CASE 13873 Published on 04.12.2016

Ortner's Syndrome


Head & neck imaging

Case Type

Clinical Cases


Navni Garg, Kusum Pathania, Jyoti Arora


55 years, male

Area of Interest Head and neck ; Imaging Technique CT
Clinical History
A 55-year-old male with known rheumatic heart disease and severe mitral regurgitation presented to ENT outpatients complaining of hoarseness of voice for 15 days. Indirect laryngoscopy was performed, which revealed ulcers on both vocal cords with a fixed left true vocal cord.
Imaging Findings
Computed Tomography findings reveal cardiomegaly with a grossly dilated left atrium and prominent ascending aorta (Figure 1). No size significant hilar/mediastinal lymphadenopathy was noted. There was dilatation of the left pyriform sinus and laryngeal ventricle (Figures 2, 4). Over adduction of the right vocal cord with convex medial margins was noted (Figure 3).
On coronal CT sections there was flattening of the subglottic arch with dilatation of the left pyriform sinus (Figures 2 and 4).
Ortner's syndrome, also known as cardio vocal syndrome [1], is a rare entity characterized by left recurrent laryngeal nerve palsy resulting from cardiovascular pathologies. Such diseases include mitral valve disease, septal defects, thoracic aortic aneurysm, aneurysm of the ductus arteriosus or patent ductus arteriosus and pulmonary artery enlargement [2-4]. Left atrial enlargement due to any underlying cardiovascular disease is the most common cause.

The left recurrent laryngeal nerve is a branch of the vagus nerve arising at the level of the aortic arch and supplies all the intrinsic muscles of larynx except cricothyroid. It hooks around the ligamentum arteriosum at the level of aortopulmonary window and ascends upwards in the groove between trachea and esophagus. Left atrial enlargement causes stretching or compression of the nerve in the aortopulmonary window. It is therefore necessary to include the mediastinum to this level on computed tomography studies in order to analyze the entire course of left recurrent laryngeal nerve.
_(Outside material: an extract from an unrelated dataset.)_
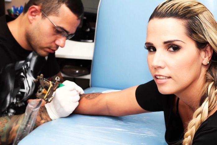 A loura, que já possuía seis tatuagens, tatuou outras três de uma só vez. Em uma das mãos escreveu divã nos dedos e na outra escreveu a palavra funk.

CT findings suggestive of a vocal cord palsy are dilatation of the ipsilateral pyriform sinus and laryngeal ventricle and medial rotation and thickening of aryepiglottic fold [5]. During breath holding there is failure of adduction of paralyzed vocal cord with compensatory over adduction of the normal vocal cord giving a bowed appearance with convex margins medially.

Ortner’s syndrome should be suspected clinically in cases of vocal cord palsy without clinically evident laryngeal lesions; though the final diagnosis is made by radiological investigations including CT from the base of the skull to the diaphragm following contrast-agent injection. In case a vascular cause or potentially hypervascular lesion is suspected, CT-angiography should be performed. In our case, contrast enhanced CT was not performed as mediastinal vessels were normal in calibre and left atrial enlargement was obvious on precontrast images.
Differential Diagnosis List
Left recurrent laryngeal nerve palsy due to left atrial enlargement (Ortner’s syndrome).
Left atrial aneurysm
Surgical iatrogenic injury
Final Diagnosis
Left recurrent laryngeal nerve palsy due to left atrial enlargement (Ortner’s syndrome).